Though Marlowe’s original title categorized the play as a tragedy, the play is also darkly
comic and may have inspired cynical laughter among its original audiences. Another
play that was popular in the 1580s and 90s offers a less ambivalent portrayal of a Jew.
Robert Wilson’s comedy The Three Ladies of London, written around 1581, pitted a
moral and sympathetic Jewish merchant against a wicked and scheming Italian
merchant. Unlike the later plays by Marlowe and Shakespeare, Wilson’s play clearly
rebukes the overriding anti-Semitism of Elizabethan England.
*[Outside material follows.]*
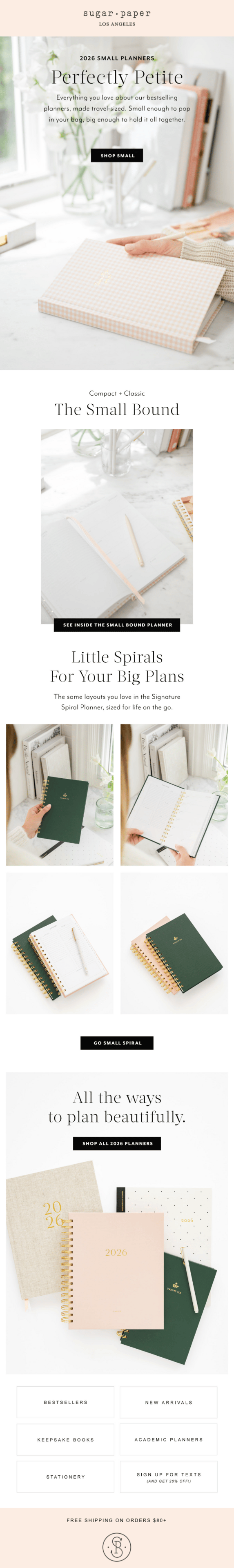 Sugar Paper’s planner launch email is a great example of minimal, lightweight design that stays visually elevated without compromising mobile readability.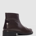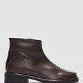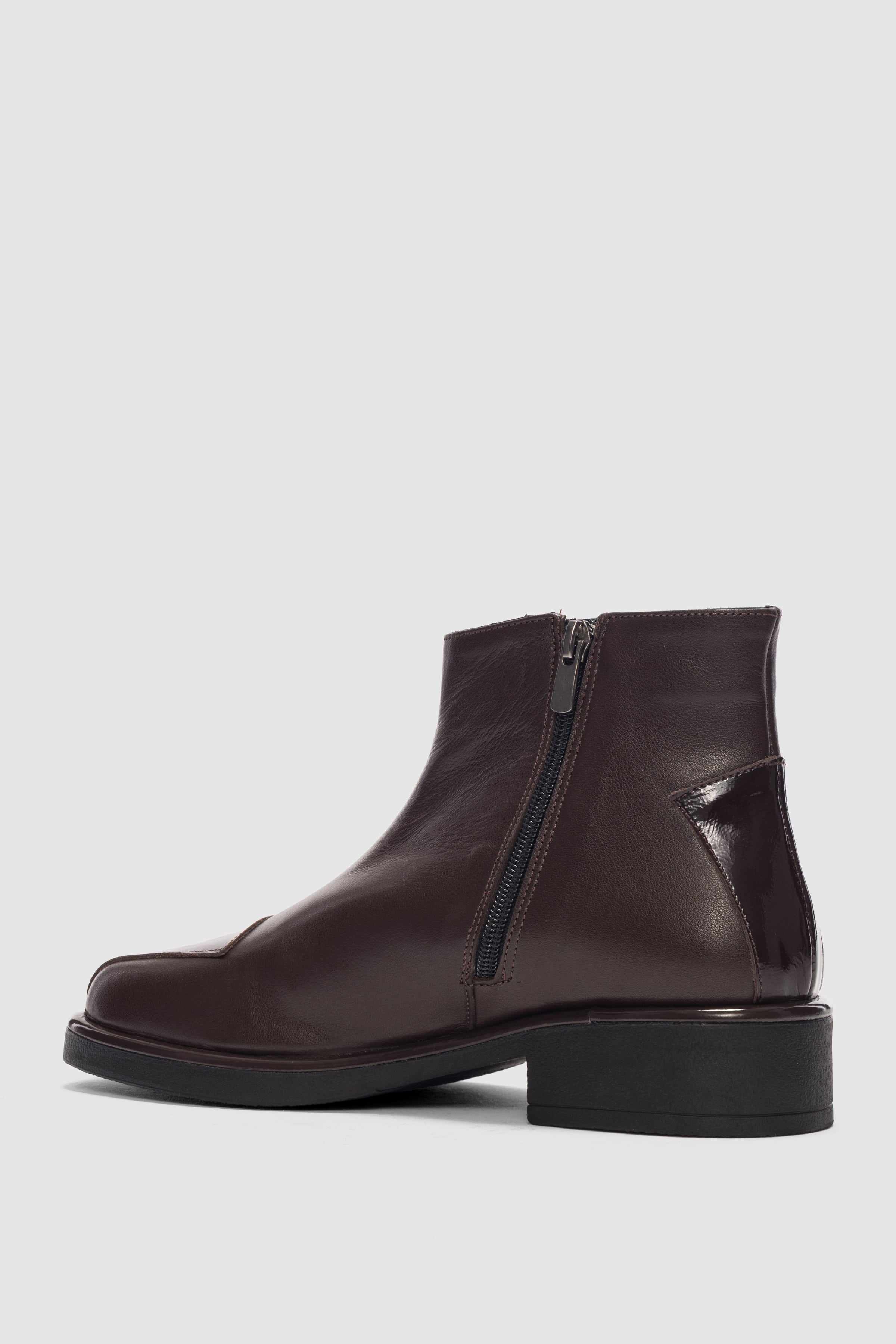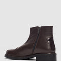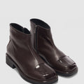 Aureine Hakiki Deri Yandan Fermuarlı Küt Burun Kadın Bot- KAHVERENGİ

Moors in Shakespeare’s England


The Moors were a Muslim people of mixed Berber and Arab descent who populated the
Maghreb region of northwest Africa during the Middle Ages and the early modern
period. Despite originating on the African continent, in the eighth century the Moors
conquered the Iberian Peninsula—what we know today as Spain and Portugal. The
Moors controlled the Iberian Peninsula until the fifteenth century, when European forces
finally drove them out. In the early modern European imagination, the Moors fit in with
the other Muslim populations that were seen to threaten Christendom. For centuries,
Christian Europe had been in conflict with the Ottoman Empire, which stretched from
modern-day Turkey into the Middle East and across North Africa. Starting with the
earliest Crusades in the eleventh century, and continuing into Shakespeare’s lifetime,
the clash of Christian and Muslim civilizations posed a military and religious threat that
destabilized Europe and contributed to negative views of the Moors.

Although Moors had dark skin, it is important to note that in Shakespeare’s time
Europeans had not yet developed the concept of “race” as it came to be understood in
later centuries. Unlike today, early modern Europeans did not link skin color to genetic
or evolutionary heritage, which are two concepts that arose in the nineteenth century
with the emergence of modern biological science. Even so, early modern European
culture did maintain a color prejudice that stemmed from two very different sources. The
first source was medieval climate theory, which linked dark skin to sun exposure and
thus connected the hot climate of Mediterranean North Africa with blackness. The
second source stemmed from Christian theology, which tells the story of how God
cursed Noah’s son Ham to be “black and loathsome.” The blackness of Ham’s lineage
does refer to skin color, but blackness chiefly plays a metaphorical role in that story,
marking Ham’s sin. Shakespeare refers to this latter tradition rather than a racial
stereotype when, for example, he has Aaron the Moor in Titus Andronicus declare
that his villainous deeds will make “his soul black as his face.”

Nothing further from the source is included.